Semiotics – study of communication and signification

Semiotics may run the gamut between a scientific discipline and a world-view. But however it is construed, it always involves signs. The terms stems from the Greek word seemeiootikee, which denotes the study of signs, what they represent and signify, and how we act and think in their universe. Goethe, in his time, could view everything as a symbol. How much truer that is today, when more and more man-made signs and signals emanate from all quarters! Never before has there been so much communication in the world, thanks to computers, mobile phones, and other electronic means of transmitting messages. But do people also have more to say to each other? Semiotics is a discipline that bravely confronts such questions at the start of the new millennium.

Semiotics also refers to a millennia-old tradition of thought. Everyone knows Umberto Eco´s novels, which take us back to the Middle Ages. The philosophers of antiquity and the Church fathers, too, investigated the laws of signs that rule over the world. Participating in semiotics iis an intellectual adventure wherein individuals are interpreted as signs, both to themselves and to others. Biologist today claim that every living organism functions as a sign system in relation to the environment. Thus the verbal signs of spoken and written language – texts- no longer form the main concern of semioticians, who have widened their vision to include the non-verbal activities of people and animals.

Much of the power of semiotic enterprise lies in its phenomenal ability to adapt to various changes od scientific paradigms and technological innovations, trends and schools of thinking, and even national traditions. Semiotics, which became an independent discipline in the 1960s when the international associations and publishing series were launched, has since expanded to all countries of the world and undergone several radical metamorphoses.

The so-called "classical" tradition of semiotics includes great structuralist scholars from the latter half of twentieth century, such as Claude Lévi-Strauss, Roland Barthes, Julia Kristeva, Umberto Eco, A.J. Greimas, Juri Lotman (founder of the Tartu School of Semiotics), Thomas A. Sebeok, Noam Chomsky, Michel Foucault. Yet many of them owed great intellectual debts to nineteenth-century pioneers of semiotics like Charles Sanders Peirce (1839-1914), the American philosopher and mathematician, and Ferdinand de Saussure (1857.1913), the Swiss linguist. In a prophetic declaration, the latter claimed that no one yet knew what "semiology" would be, but that its place was "staked out in advance".

We can echo that statement today: since semiotics has entered its poststucturalist phase – with the writtenings of Jacques Derrida, Michel Foucault and the others – and become the method and philosophy of the postmodern era, no one knows what semiotics of the twenty-first century will be.

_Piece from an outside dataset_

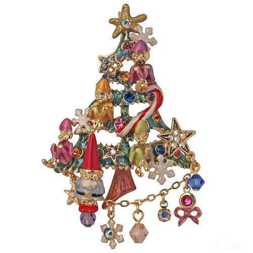 Самым главным атрибутом празднования Нового года, конечно же, является щедро украшенная новогодняя елка, причем как натуральная, так и искусственная. А для любителей особого новогоднего «шика» предприимчивые дизайнеры подготовили стильные металлические елки с камушками и эффектные елочки из эмали!Особой популярностью у модниц всегда пользовались елочки некогда самого известного бренда американской бижутерии Kirks Folly – творения сестер Киркс всегда были вне конкуренции. Вот, например, елочка из переливающихся цветочков – чудо как хороша!

But we do know that it will continue to influence humankind’s relationship to this changing world.

Semiotics – the science of the new millennium

In the world of the future, semiotics will be increasingly needed to address various problems of an information society dominated by the progress of technology and science. It provides us the tools by which to look critically at the media world. In the true spirit of interdisciplinary, semiotics crosses over the fixed boundaries of academic research. Already it is taught at schools, as Charles Morris predicted fifty years ago. In the latter half of the twentieth century, semiotics has become and intrinsic part of curricula and research all over the world, and its concepts and ideas have been adopted by the most varied scholars and institutions. The tools od semiotics, however, must be continuously developed and re-shaped for the new research problems of the future. For this the role of such places as the ISI at Imatra, a major center of learning and education in the field, will become crucial.